Question on the inverse square law

[WayneF]

The close reflected paths are more added light onto the subject than the direct path inverse square law considers. In practice, its not a big problem, since it is relatively small, and TTL metering will meter the sum, and off course when we adjust compensation by eye, that takes care of it too. Any addition actually helps the other problems, like TTL BL flash being reduced by the ambient, or the D-lens focus distance being reported wrong in zooms.

It was always easy to start a wild debate about why the camera distance is not a factor of exposure, it has been debated since we had enough communication to debate it.

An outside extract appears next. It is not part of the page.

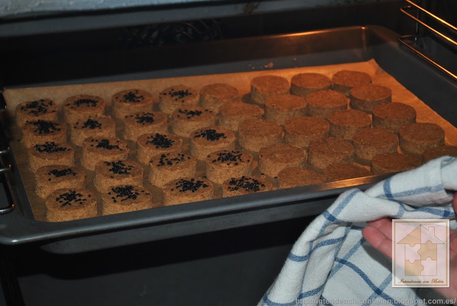 Yo en algunos de ellos he espolvoreado unas semillas de sésamo, aunque luego los espolvorearé de azúcar y en algunos pondré unas almendras picadas. Ya dependerá de cada uno.

But it is obviously not debatable that is it true, so it's really enough to just know its true.

 

[Revet]

No, exposure does not matter where the camera is (OK, technically if avoiding macro distances, other factors kick in there).

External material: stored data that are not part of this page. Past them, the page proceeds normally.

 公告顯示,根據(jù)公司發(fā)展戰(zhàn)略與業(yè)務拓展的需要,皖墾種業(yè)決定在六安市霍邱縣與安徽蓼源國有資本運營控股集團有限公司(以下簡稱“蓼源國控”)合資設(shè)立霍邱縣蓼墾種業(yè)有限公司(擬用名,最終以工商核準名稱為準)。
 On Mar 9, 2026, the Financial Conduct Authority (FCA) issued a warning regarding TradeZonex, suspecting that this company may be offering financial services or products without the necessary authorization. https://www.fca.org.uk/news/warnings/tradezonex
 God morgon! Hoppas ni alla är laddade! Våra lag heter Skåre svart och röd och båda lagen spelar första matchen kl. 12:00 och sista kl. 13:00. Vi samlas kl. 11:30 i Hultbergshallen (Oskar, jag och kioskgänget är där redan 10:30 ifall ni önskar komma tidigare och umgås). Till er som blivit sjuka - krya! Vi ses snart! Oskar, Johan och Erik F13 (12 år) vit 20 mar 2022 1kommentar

It is one of the hardest subjects to explain, so beginners sources never do. It is enough to know that the camera distance does not affect exposure.

Yes, inverse square law always exists, but our use of it is about light sources, traveling from there to us.

The camera view is a different situation, seeing an illuminated surface out there, and the area it sees is much reduced when it is close, by exactly the same inverse square law relationship, which exactly cancels out, so that camera distance is not a factor of exposure. Yes, twice closer is 4x brighter, but the camera then sees 1/2 size area (1/4 area), so the surface brightness per unit area says constant. See Camera distance does not affect exposure if you dare.

Same reason that f/4 is the same f/4, regardless of the focal length or actual corresponding aperture diameter.
So same reason that zooming in tight with a long telephoto lens does not change the brightness of the exposure.

Regarding your result, try again paying close attention to the details. Move the subject or the camera, it only matters how far the flash has to travel. But all else must be the same.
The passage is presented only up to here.